4.) For less risky investments, shop around for the best CD, money market and saving account returns. Bankrate.com is a great resource to reduce the time investment required to find greater yield in low/no risk, short term investments.
5.) If you have a prime credit rating, move credit card balances into a 12-month 0% interest APR credit card via a balance transfer. You can save a lot of interest and manage your cash flow in the short term.
6.) Need a loan or are seeking further diversification, consider using www.prospect.com as an alternative to banks. This peer-to-peer banking business model cuts out the banks and offers another way to diversify your investments and borrow money if necessary.
7.) Re-visit your overall investment portfolio mix as you get older. While most investors love equities, you might be pressing your luck with too much stock if you are not far from retirement. One or two bad down years can wipe out a significant portion of your portfolio if you do not adjust it for risk tolerance as you approach your retirement years.
That's all I have for now. I hope it was helpful.
HeatFan4Life
Posted by: HeatFan4Life | June 5, 2008 11:53 AM
Why does it seem shocking yet at the same time, not so much?
It seems that this group of professionals does not have a unified game plan for their clients for three good reasons.
There is money to made in confusion.
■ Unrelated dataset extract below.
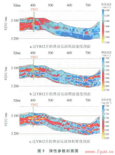 目前,各種地震疊前數(shù)據(jù)反演的軟件[16]。和疊前反演的方法[17-22]都比較成熟,通過(guò)較好的疊前三維地震資料可以較準(zhǔn)確地反演出縱波速度、橫波速度和體積密度等彈性參數(shù)。圖4為過(guò)YBl2井的原始疊后地震剖面。儲(chǔ)層位于圖中標(biāo)注的層位為下三疊統(tǒng)飛仙關(guān)組一段上二疊統(tǒng)長(zhǎng)興組之間[23-25]。從剖面上可以看出地層的橫向變化大,分辨率低,信噪比較低等特征。圖5-a、b和c分別為應(yīng)用疊前同時(shí)反演方法獲得的縱波速度、橫波速度和體積密度反演剖面。從圖中可以看出,井旁道反演的數(shù)據(jù)與測(cè)井曲線的相關(guān)性較好。從反演數(shù)據(jù)剖面中可以發(fā)現(xiàn),疊前彈性參數(shù)反演獲得橫波速度數(shù)據(jù)和密度數(shù)據(jù)剖面的分辨率高于縱波速度數(shù)據(jù)剖面上的分辨率,為縱向高分辨率的孔隙度計(jì)算提供了條件。圖6為應(yīng)用本方法計(jì)算的過(guò)YB12井的孔隙度剖面。從圖6中還可以看出,計(jì)算孔隙度與實(shí)測(cè)孔隙度之間的相關(guān)性非常高,計(jì)算的孔隙度數(shù)據(jù)的分布范圍也與測(cè)井?dāng)?shù)據(jù)相當(dāng)吻合,并且從孔隙度剖面上能夠?qū)⒃搩?chǔ)層段分為上下兩套孔隙度發(fā)育的儲(chǔ)層,孔隙度計(jì)算剖面上展布的橫向規(guī)律與地質(zhì)、鉆井認(rèn)識(shí)規(guī)律保持一致。因此,從孔隙度計(jì)算的結(jié)果可以看出,筆者提議的孔隙度計(jì)算方法在碳酸鹽巖儲(chǔ)層孔隙度計(jì)算中效果比較明顯,能夠較好地提高孔隙度計(jì)算的精確度。
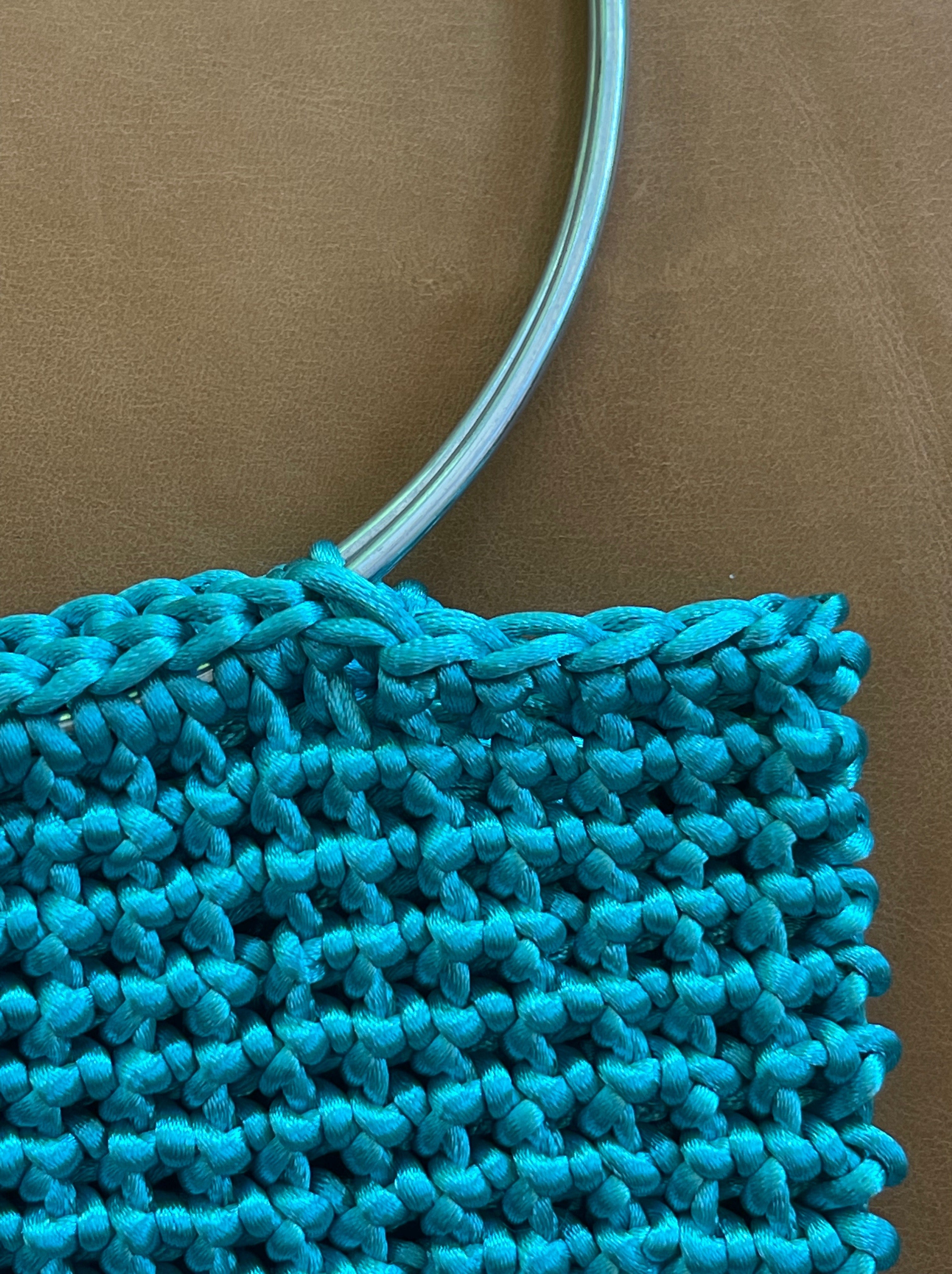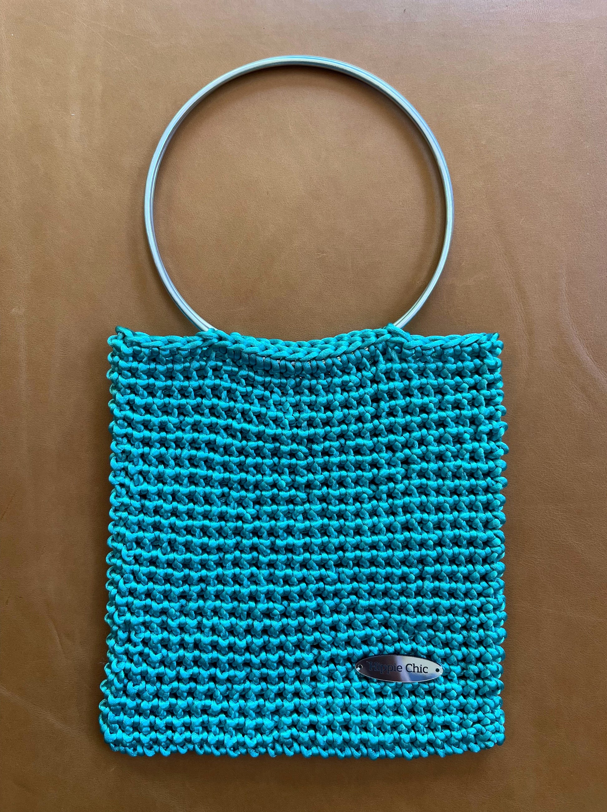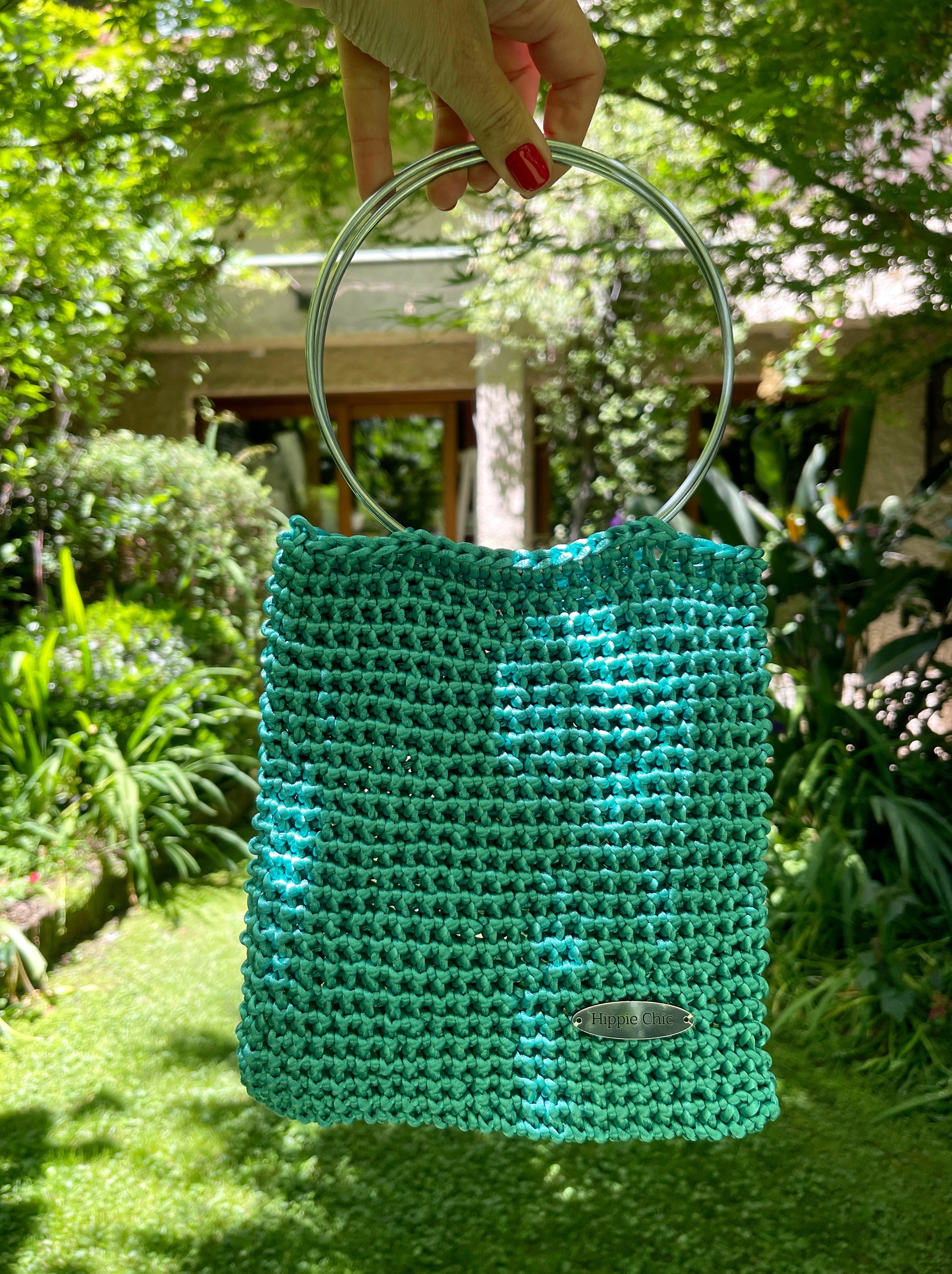 Cartera Hippie Chic tejida a crochet de precioso color turquesa con mango plateado.

If you can keep the theories shifting, the folks who pay for these services believe that they are doing better than their peers - and that brings me to my second point.
We spend far too much time creating benchmarks based on another person's idea of successful investing and retirement planning. Financial planners know this and try to "tailor" your investments accordingly, making them seem so personal.
The guy who suggests his client index should do exactly that. Perhaps a growth index (mid-cap or small-cap) a value index (large-cap) and emerging market and an international index would suit just about every investor's needs. Which makes the financial planner obsolete. Not only will that client save money in fees for the financial planner, they will also be paying less for the funds.
Posted by: Paul Petillo | June 5, 2008 6:26 PM
It's time for everyone to recognize that beating the market is not possible on a consistent basis.
What's important is finding an investment method that suits the investor's personal comfort zone. My personal favorite involves using options to both a) enhance investment returns, and b) reduce the risk of investing.